Creativity. It's everywhere in this space. Aimee Henny Brown's ideas and inspirations spread across the large table in the light, airy studio. The work hangs from bookshelves and scatters across the room.

Much like Brown herself, the art she produces is unique and undefinable in its category. It's not paintings but she uses paint. It's not sewing but she uses thread and needle. It’s not photography but she uses photos. It's not any one thing; it is many ideas and creative tools and techniques brought together to make statements about place and time. She is a printmaker, a drawer, a bookbinder. The artist uses an interdisciplinary approach to her pieces to convey a message greater than the medium.

"I'm not that classical vision of an artist," she explains. "I do a lot of research. In some ways, it might be more apt to call myself a research-based more than a studio-based artist."

Brown, the artist-in-residence at the Ranger Station Art Gallery, has spent most of her time here studying and reacting to local history, botany and stories. She has a fascination with archives and spent countless hours in the Agassiz-Harrison museum poring over local history. What she has drawn out of her time, and turned into something tangible and relatable, will be on display at her upcoming solo show at the gallery.

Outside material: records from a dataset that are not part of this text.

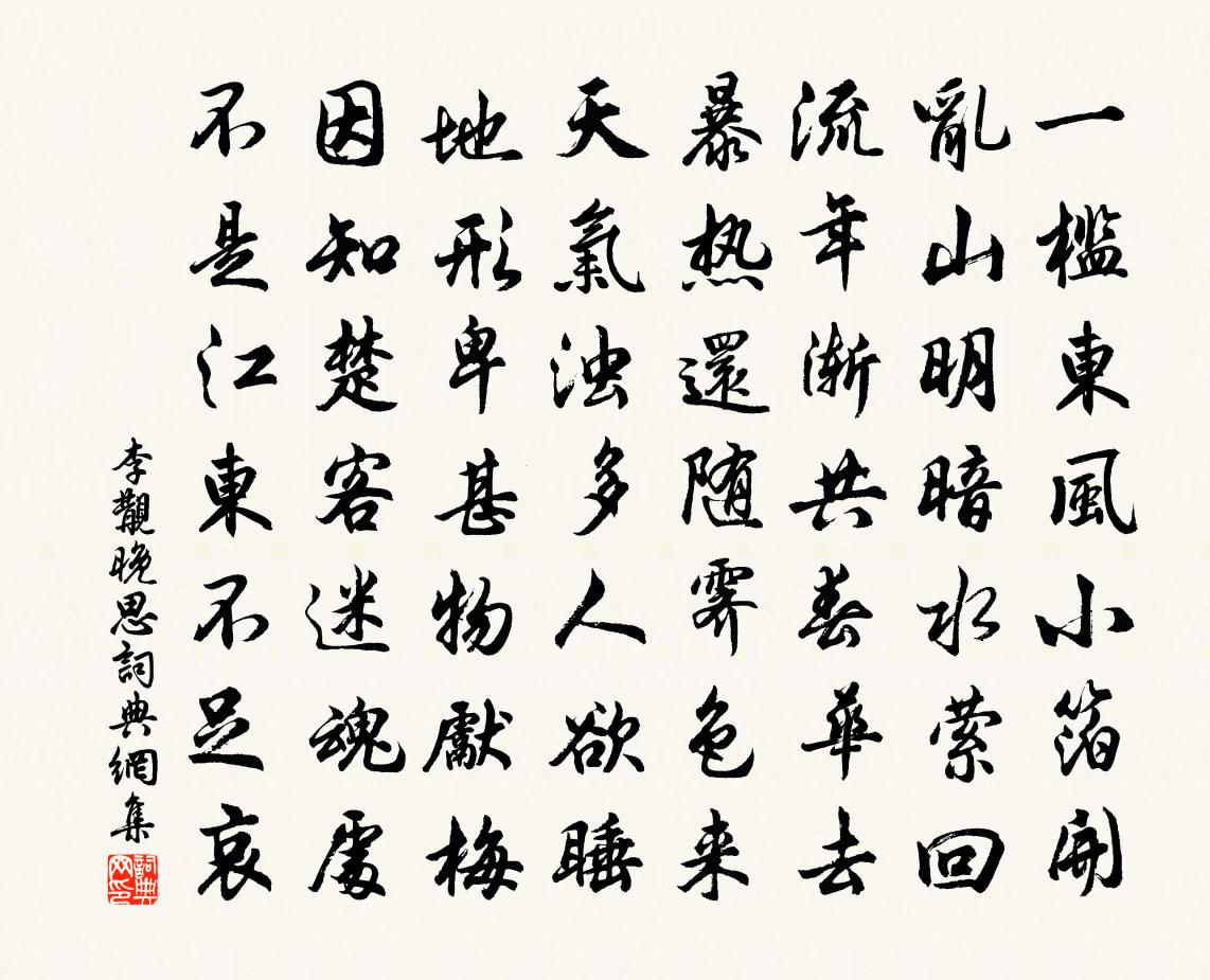 詩詞名句歷史字典書法欣賞書法字典國語詞典說文解字康熙字典古漢語字典標 題 作 者 詩 句 晚思作者:李覯 朝代:宋代晚思原文一檻東風小箔開,亂山明暗水縈迴。流年漸共春華去,暴熱還隨霽色來。天氣濁多人慾睡,地形卑甚物先梅。因知楚客迷1~1魂處,不是江東不足哀。詩詞問答問:晚思的作者是誰?答:李覯問:晚思寫於哪個朝代?答:宋代李覯晚思書法欣賞晚思書法作品詩詞推薦送友人擢第東歸劉駕〔唐代〕同家楚天南,相識秦雲西。古來懸弧義,豈顧子與妻。攜手踐名場,正遇公道開。君榮我雖黜,感恩同所懷。有馬和謝吏部鐵字韻三十四首紀德十一首鄧肅〔宋代〕眼中儒生聊爾耳,僅免春闈飲墨水。可憐四海萬青衿,卻愧建安六七子。誰似丘侯獨可人,日無千篇即怒嗔。腐語沁園春(和答呂柳希)馮取洽〔宋代〕問訊柳溪,溪上柳容,胡為帶埃。嘆陽春陡變,孰為披拂,賞音難遇,誰與徘徊。好在湖山,吾容不辱,寄徑垂條翠玉樓觀雪文天祥〔宋代〕矯矯臨清泚,蒙蒙認翠微。綈春生客袖,鐵冷上戎衣。柳眼驚何老,梅花覺半肥。新來有公事,白戰破重圍。懷寄彭城朋好十首之八王七賀鑄〔宋代〕子敏超龍級,得官何處州。它時趨洛下,獨與士龍游。臨江仙俞國寶〔宋代〕落落江湖三島,才高懶住清都。手攜黃石一編書。醉眠莘壠月,閒釣渭川魚。見說玉階三尺地,思君來講唐虞。夜賦得白鷗歌送李伯康歸使盧綸〔唐代〕積水深源,白鷗翻翻。倒影光素,於潭之間。銜魚魚落亂驚鳴,爭撲蓮叢蓮葉傾。爾不見波中鷗鳥閒無營,何必汲七月四夜十過差涼閒坐和徐子融晦日所寄四絕陳文蔚〔宋代〕珍重羲黃書一編,昔經秦火不能然。君今於此得訊息,豈外吾身更覓天。宿西疇曹教授宅方回〔宋代〕宿羽同夜林,天明各分飛。人生塵土內,別易會合稀。我自錢塘來,君從宣城歸。初喜望顏色,昔癯今似肥。細視乞姚花二首黃庭堅〔宋代〕正是風光嬾困時,姚黃開晚落應遲。欲雕好句乞春色,日曆如山不到詩。挹仙亭真德秀〔宋代〕漢宮葦篋兒呱呱,濟南梓柱陰扶疏。富平家人正愉樂,安昌帝師工獻諛。子真東南一尉耳,黃綬淒涼百僚底。手持名男曰參魯以時喻之李覯〔宋代〕孔門有高弟,曾子以孝著。求諸聖人言,尚曰參也魯。才敏誰不願,顧恐難荷負。苟無德將之,何益於父母。昔如和范倅十首曹勛〔宋代〕對雪惘然懷酒伴,縈心還復為詩魔。老農心念須三白,漁父家風想一蓑。期秦伯鎮不至蔡襄〔宋代〕高人懷真趣,每欲棄祿仕。超然外造化,那復顧妻子。有田給饑寒,有路出生死。儻得自由身,休隨榮利起。或聞上元日大雪曾幾〔宋代〕句芒整轡浹辰間,雪片相隨大可觀。挑菜園林有餘潤,燒燈庭院不勝寒,柳條弄色政爾好,梅蕊飄香殊未闌。便似浣溪沙元好問〔金代〕為愛劉郎駐玉華。暗將心事許煙霞。石田茅屋老生涯。鐵笛不須從二草,頭巾長擬掛三花。他年人說漫郎家。晨謁宮門小雨初過宋庠〔宋代〕宮漏籤聲急,天街雨腳微。曉寒凌禁樹,春氣裛朝衣。瑞霧輕猶濕,香塵重不飛。雞人傳鑰出,華旭滿丹闈。轉運少卿生日朱長文〔唐代〕昔在章聖朝,先君為名臣。入陪儒林老,出擁使者輪。忠漠與休烈,萬世永不泯。惜哉未大任,天意昌後人。公生高宗皇帝輓詞五首李巘〔宋代〕赫奕中興事,洪圖久系隆。垂裳三紀後,脫屣再星終。靈馭龍騰座,仙晨鶴翥空。薰琴無盡意,遏密卷悲風。寄懷佚名〔唐代〕畫檐春燕須同宿,蘭浦雙鴛肯獨飛。長恨桃源諸女伴,等閒花里送郎歸。名句推薦黃鸝囀處誰同聽,白菊開時且剩過。司空圖《白菊雜書四首》 雨下飛花花上淚,吹不去,兩難禁陳子龍《唐多令·寒食》 故人何處。帶我離愁江外去。呂本中《減字木蘭花·去年今夜》 在上不驕,高而不危;制節謹度,滿而不溢。孔子及其弟子《孝經·諸侯》 恰似春風相欺得,夜來吹折數枝花。杜甫《絕句漫興九首·其二》 賞心樂事共誰論?花下銷魂,月下銷魂。唐寅《一剪梅·雨打梨花深閉門》 雙星良夜,耕慵織懶,應被群仙相妒。范成大《鵲橋仙·七夕》 玉座猶寂寞,況乃妾身輕。謝朓《同謝諮議詠銅雀台》 浴不必江海,要之去垢;馬不必騏驥,要之善走。司馬遷《史記·外戚世家》 以子之矛陷子之盾韓非及後人《韓非子·難一》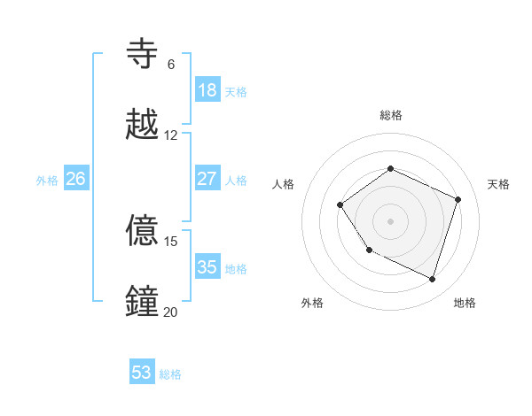 寺越 億鐘さんを姓名の画数から五運を鑑定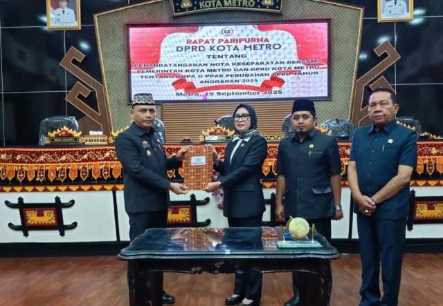 Metro, Cyberkatulistiwa.com — DPRD Kota Metro menggelar Rapat Paripurna Penandatangan Nota Kesepakatan tentang KUA-PPAS Perubahan APBD Tahun Anggaran 2025. Dalam Rapat Paripurna diketahui, pada Perubahan APBD Kota Metro 2025 mengalami defisit sebesar Rp 14 miliar lebih. Senin (22/09/2025).

It's important to Brown to centre her work in a place, to be “site-responsible,” instead of parachuting her ideas and inspiration into a new location. She spent months researching, searching for connections and curiosities buried in the community. Brown focuses on micro research, digging deep on particular topics.

In Harrison, she dove into the history of logging, the flood, even the actual location of her artist-in-residency, the Ranger Station. She found great interest in the duality of Harrison, with nature playing a big role in community identity and tourism draws, but also the industry that supports the area and the highly-constructed needs of a place that brings in thousands of visitors each year. She hopes viewers find a way to look at local history with new interest.

"The value of it is in asking ourselves what has happened to bring us where we are,” she says, elaborating that it is not just in the looking back, but in how we analyze what came before us and how we can move forward based on what we learn.

Brown, a self-professed “nostalgia junkie,” says the drawings, miniatures and photos in the show will represent historical moments but also imaginary visions of what the term ‘shelter’ can symbolize.

The theme of ‘shelter’ tied the threads of Brown’s diverse studies while in Harrison. Aside from the archival research, she also did intensive study of local botany, industry and the ideas of survivalism.

Lastly, there is an element of imagination in the show, with Brown presenting dream-like ideas about shelter, allowing the viewer to be imaginative with the idea of shelter.

‘Shelter’ will be on display at the Ranger Station Art Gallery, 98 Rockwell Drive, from June 6 to July 5. Opening reception is Sunday, June 7 from 2-4 p.m.